Will, A warm welcome to the site. Someone will chime in with some help.


----------



## jigisup

*clutch*

Hi Willrob 
I have replaced my clutch twice and doing it again now. It is not to bad a job if you have a little mechanical ability. I bought my parts on ebay from jeffcube at tractoclutchesrus. I have a g154 with a loader among other attachments. These are great units. I bought mine new in 86. Sorry for the slow response but I just joined the forum today. Any other questions I can help you with let me know. I am having trouble with the engine losing power and will be soliciting help from the other forum members.


----------



## WillRob

*Clutch Help*

Thanks for the Info. on the clutch parts. Do you have to basically split the tractor at the clutch housing to replace the clutch?
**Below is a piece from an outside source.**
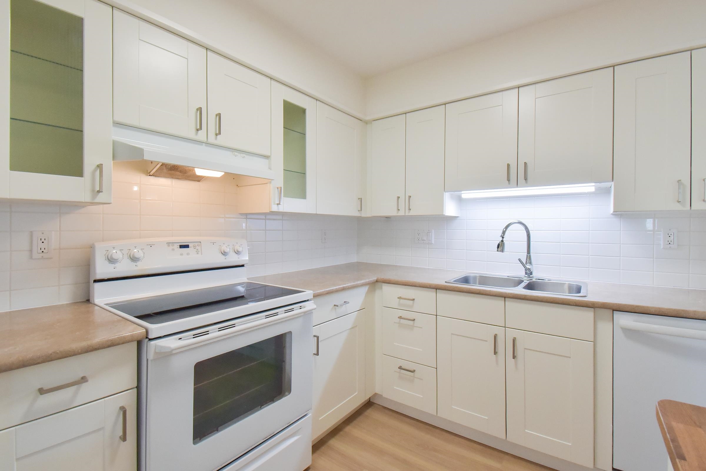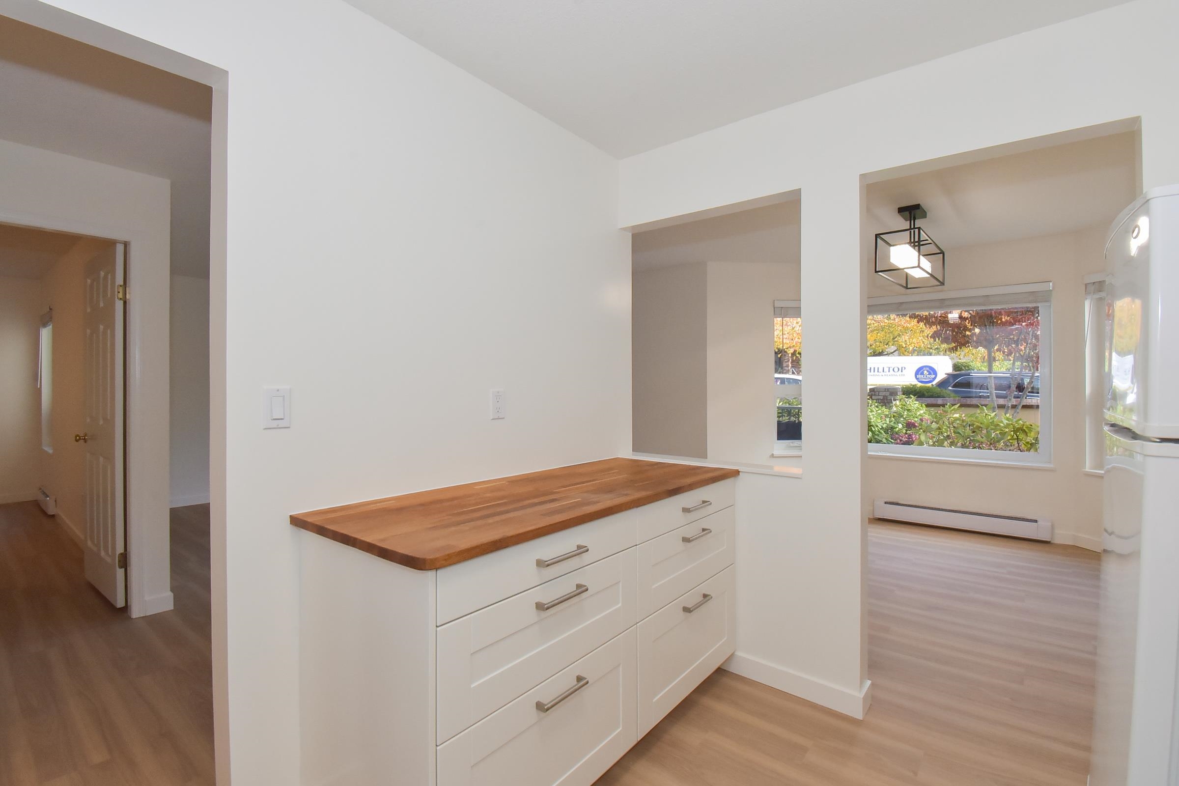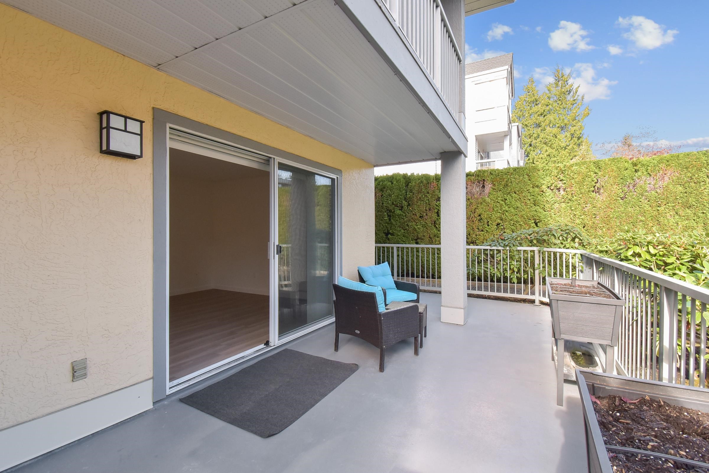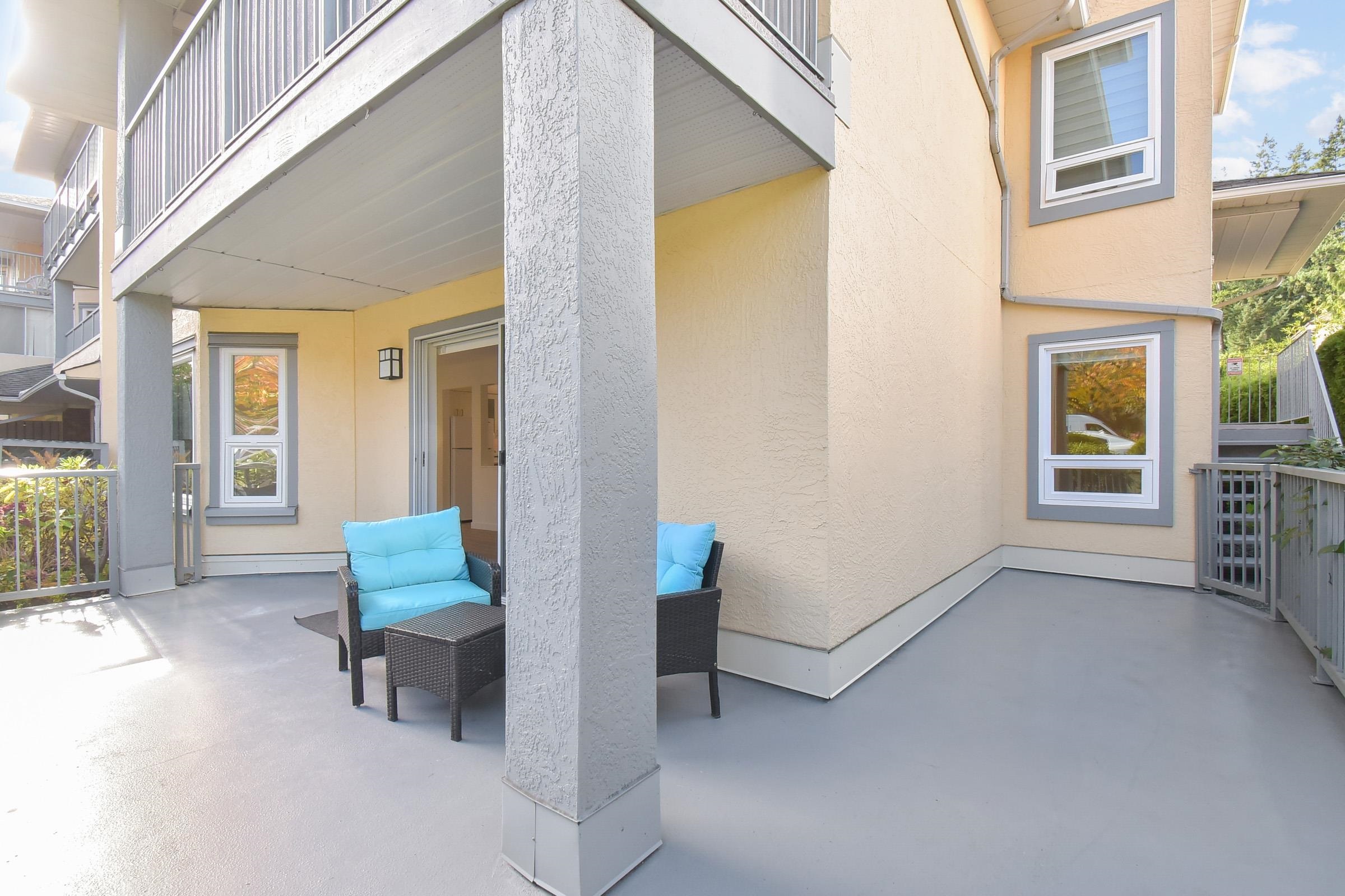 Welcome to The Chartwell – 55+ living in the heart of White Rock! Enjoy bright, quiet comfort in this beautifully updated 2-bed + den, 2-bath ground-floor corner suite with brand-new floors and fresh paint. Private entrance, large sunny 325 sq. ft. terrace, and no shared walls offer rare peace and privacy. Steps to shopping, transit, and all amenities—move-in ready and a must-see!

I had the same problem with it losing power as well. Shut off the fuel line and I took the fuel filter off and cleaned it out and the power was restored. It was a rather simple fix for me. Hope it's the same for you.


----------



## jigisup

*clutch*

Yes Willrob it is a complete split. You will have to hold up both ends of the tractor, a good sturdy hook in the ceiling for the front end (height adjustable) and a good floor jack for the rear. Once it is split I also use jackstands. Hold the front end up with the engine hooks, should be one on each side of the engine for balance. Dont be intimadated, it looks worst than it is. you will need a bearing puller for the steering linkage at the base of the steering wheel and also for the release bearing. A clutch alingment tool I fabricated with a socket, an extention and a bit of black electrical tape. I just put mine 90 % back together last night and fired it up seems to be ok. The big test will be today.


----------



## WillRob

I have the tractor split and in the process of locating parts. What do you mean by aligning the clutch. I didn't see anything in the manual and it looks like this will just be bolted back together. How should it be aligned? Am I missing something? any help would be appreciated. Thanks. (Do you have an email for Jeffcube? I don't see the bearing listed and saw where it was available. Thanks.


----------



## jigisup

*clutch alignment*

Hi willrob
When you replace the clutch disc and the clutch plate you will notice that the disc is not centered to the pilot bearing. A clutch alignment tool will align the disc to the pilot bearing. I simply made my own alignment tool using a 3/8 drive extention and a socket on the end that fit snugly into the pilot bearing. I used electricians tape to fit the splines on the disc. This gets the alignment close enough so that you can slide the shaft from the trans. into the front half. I hope this helps. As for jeff cube simply search ebay for G154 clutch.


----------



## WillRob

Well Jigisup....thanks for all the help....got the clutch and pressure plate put them in and got the tractor back together. Unfortunately it hasn't solved my problem. So, I'm back to the drawing board. Will try to figure out a plan B this weekend.


----------



## jigisup

Well willrob I am no mechanic but I am surprised that the cluch was not the problem. Where did you get the cluch from? Let me know your progress with your tractor if you dont mind. Id be very interested in finding out what the problem is on your tractor. Good luck


----------